Music Reviews

The Bevis Frond

What Did For the Dinosaurs

Woronzow / Rubric

The prolific Bevis Frond make their comeback less than a year after their farewell album, the brilliant Valedictory Songs. A good thing, that, because we certainly need bands like these around, The Bevis Frond being one of the finest purveyors of nu-psychedelic post-Bob Mould rock (not that there’s much of a competition to speak of). But while the lyrics follow the farewell concept of their last album – Nick Saloman’s honest and irony-free reflections on age, fame and fears, superbly tracing the public perception of himself – the music is, sadly, far less impressive this time around.

Too often Saloman falls prey to his own instrumental indulgences and his peculiar ways of moving around a melody. Saloman seems unable to restrain himself and repeats every idea, every phrase over and over again, overexposing everything until the music loses momentum and excitement, and becomes predictable and formulaic. The two-part grammatically challenged title track is a particular case in point, with its nestling in very dubious psychedelic jam territory.
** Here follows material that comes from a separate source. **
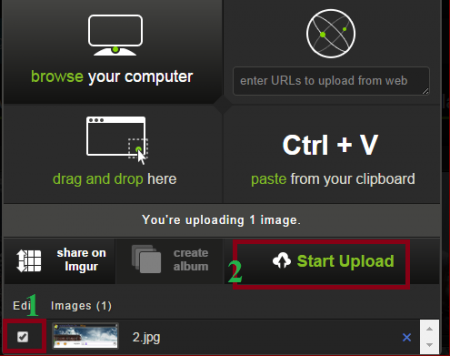 এবার নিচের ছবির মত একটি পপ-আপ ইউন্ডো আসবে। নিচের ১ নম্বর বক্সে দেখানো বক্সটি ক্লিক করে টিক মার্ক করে, দুই নাম্বার বক্সের স্টার্ট আপলোড -এ ক্লিক করুন।
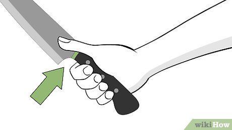 Grip the knife firmly by the handle. Hold the knife tightly, with your fingers on the handle, ensuring a safe distance from the blade.

There are definitely some great moments on here – “The Wrong Side,” “Splitting Clingfilm,” “Our Number” and “Down To Earth” are all amazing tracks – but at eighteen songs and close to 80 minutes playing time, the album overstays its welcome by far and offers a few too many sub-standard moments. There’s a great album in here somewhere, and heavy programming of your CD player can help bring it out, but this is still something of a disappointment from this often great and unjustly ignored band.